Images are to be left out; everything else in the listing should be repeated exactly.

━━━━━ Information shown ━━━━━

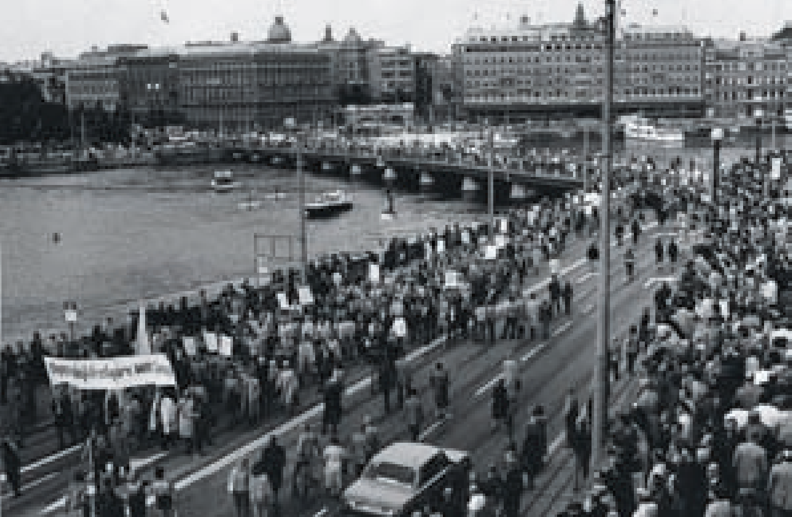
Den 4/12 1993 protesterade hela 125 000 personer mot löntagarfonderna i en av de största demonstrationerna i Sveriges historia. Det är dock en förenkling att säga att det var fonderna som ledde till den svenska modellens upplösning.
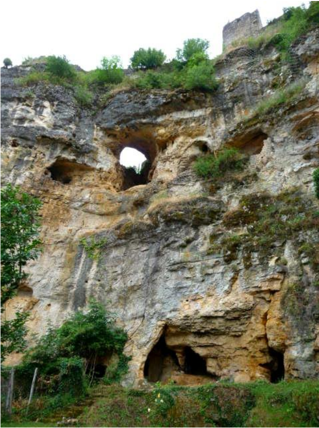
Figure 1 : Massif calcaire très karstifié du Coniacien moyen sous l'ancien château de Cuzorn
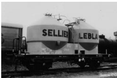
V7 - SELLIER LEBLANC - Epoque III
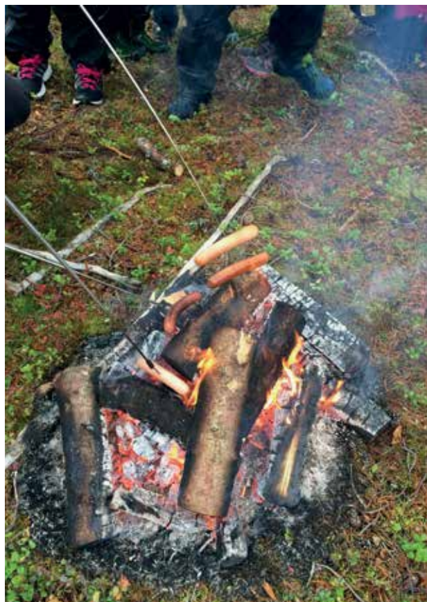
Slika 2: Prosta igra zunaj in taborni ogenj.

━━━━━

== Reply to the task ==
Den 4/12 1993 protesterade hela 125 000 personer mot löntagarfonderna i en av de största demonstrationerna i Sveriges historia. Det är dock en förenkling att säga att det var fonderna som ledde till den svenska modellens upplösning.
Figure 1 : Massif calcaire très karstifié du Coniacien moyen sous l'ancien château de Cuzorn
V7 - SELLIER LEBLANC - Epoque III
Slika 2: Prosta igra zunaj in taborni ogenj.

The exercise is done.